Reproduce exactly the run of lines that begins with the one containing "3月5日,十四届全国人大四次" and ends with the last line of the records, omitting pictures.

*** Opening INPUT ***

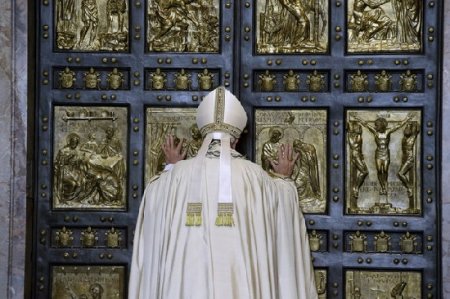 Папа Римский Франциск перед закрытыми святыми дверями в Собор Святого Петра.
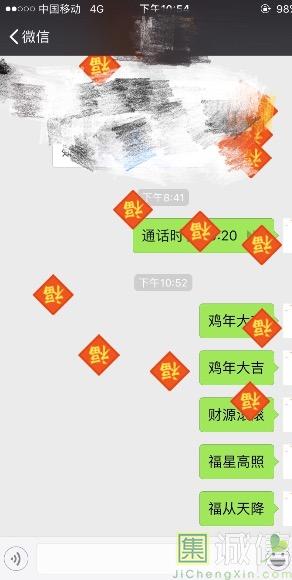 在手机上抢红包已经成为国人过节的新民俗,别说年轻人,连我爸我妈过年都抢的不亦乐乎。表情包当然也是聊天必备,虽然中老年人的表情包打开方式似乎和我们不太一样,但是今年微信春节定制专属表情包却拉近了两代人的鸿沟,因为不管老少都一样啊。 想象一下,平时因为表情包引起两代人的误会,过年却那么和谐,简直是福利啊。 嗯?还不知道今年过年微信春节定制专属表情包是什么,那你得来我们集诚信瞧瞧了。 所谓专属定制,顾名思义那当然是有你印记的表情包,他人无法取代,就像一件衣服一眼看上去就是写上了你的名字,那是非买不可,表情包就单纯不造作,尼玛是真的写上你的名字啊,比如这样式的: 还有这样式的: 想象一下抢完老板发的红包后,别人都发普通的“谢谢老板”表情,而你这时发出的是一个写着“谢谢王思聪老板”的专属表情,是不是诚意翻倍。 年轻人,如果此刻你真的在想象,那么我只能说,你的思想很危险啊,老板给你发红包,你居然谢谢王思聪! 但是不谢王思聪,还是显得很有诚意的。 怎么打开春节定制专属表情包世界的大门? 具体方法是:在微信搜索框中搜索【新春快乐】【讨红包】和【谢谢老板】,用户可以根据需要搜索个性化关键词,比如“谢谢老板”。然后选择搜一搜,出现春节定制表情,点击后即可看到定制表情。 懒得看字思考的可以看图: 顺便一提,除了春节定制专属表情包,还有一些别的彩蛋哦,其实这个大家应该都很清楚,每到特定的日子或语境,聊天内容有某些字词时,聊天见面就会从天而降一些小可爱,比如大家熟知的么么哒。 而今年春节期间就会有特别的小可爱。 下金币 下小鸡 鸡年当然不能少了萌萌的小鸡,本命年快乐 下福气 支付宝集福很辛苦?别集了,微信直接给你下! 下百元大钞 这个事情告诉我们,妈妈,这世界上还真的有掉馅饼的好事,哦,不是,是下钞票雨。 怎样触发这些彩蛋?试试“发年终奖、财源滚滚、福从天降和鸡年大吉”。 一阵小欣喜过后,好生气哦,明白一切都是假的,也许我过了一个假年。 打赏 这篇文章被编辑了 1 次. 最近一次更新是在 2017/01/26 10:51:54 打赏 | |
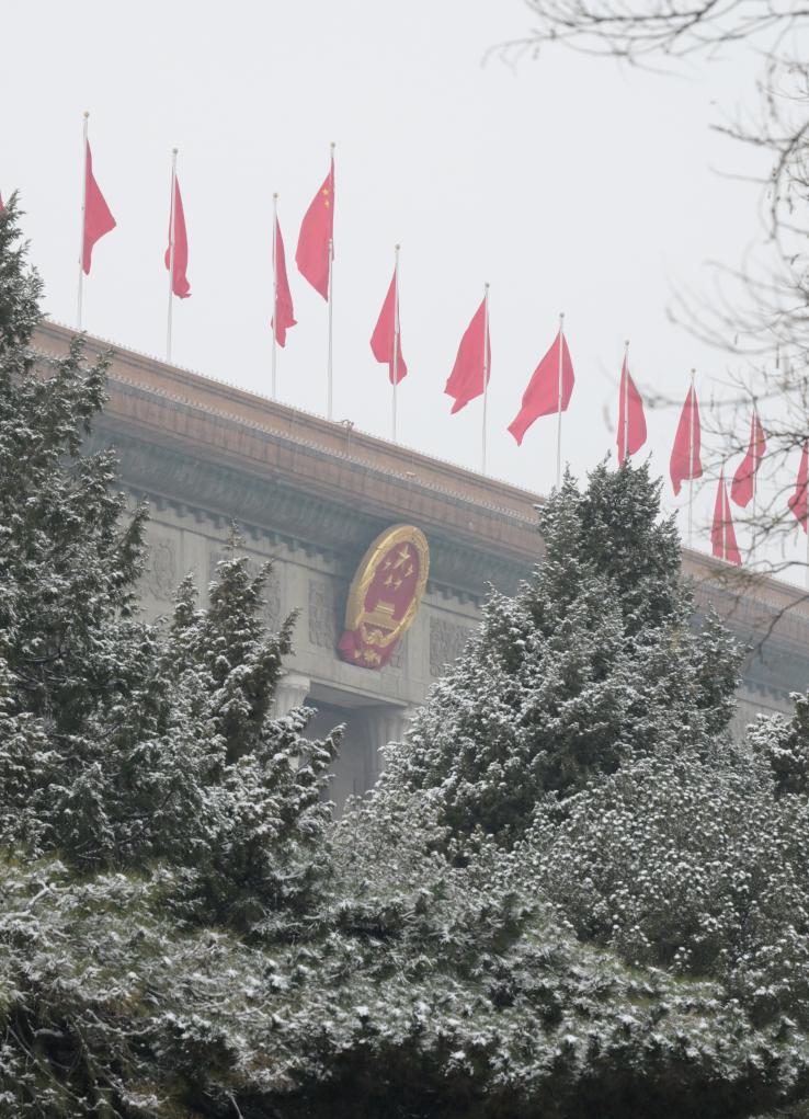 3月5日,十四届全国人大四次会议开幕会即将在北京人民大会堂举行。这是雪中的人民大会堂。
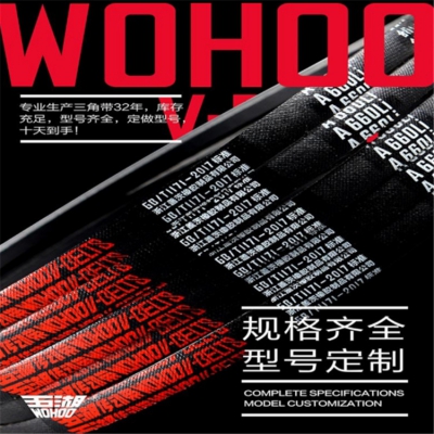 五湖 A型三角帶優(yōu)異性能的混合膠,伸張層、壓縮層。
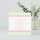 Las invitaciones de la fiesta de compromiso en elegantes tonos rosa melocotón, verde menta pastel y blanco diversión y moderno patrón de zigzags chevron. personalizable completo con los detalles de su parte de compromiso. También disponible en una amplia gama de productos bodas a juego.

*** Closing INPUT ***

WORKED SOLUTION:
 3月5日,十四届全国人大四次会议开幕会即将在北京人民大会堂举行。这是雪中的人民大会堂。
 五湖 A型三角帶優(yōu)異性能的混合膠,伸張層、壓縮層。
 Las invitaciones de la fiesta de compromiso en elegantes tonos rosa melocotón, verde menta pastel y blanco diversión y moderno patrón de zigzags chevron. personalizable completo con los detalles de su parte de compromiso. También disponible en una amplia gama de productos bodas a juego.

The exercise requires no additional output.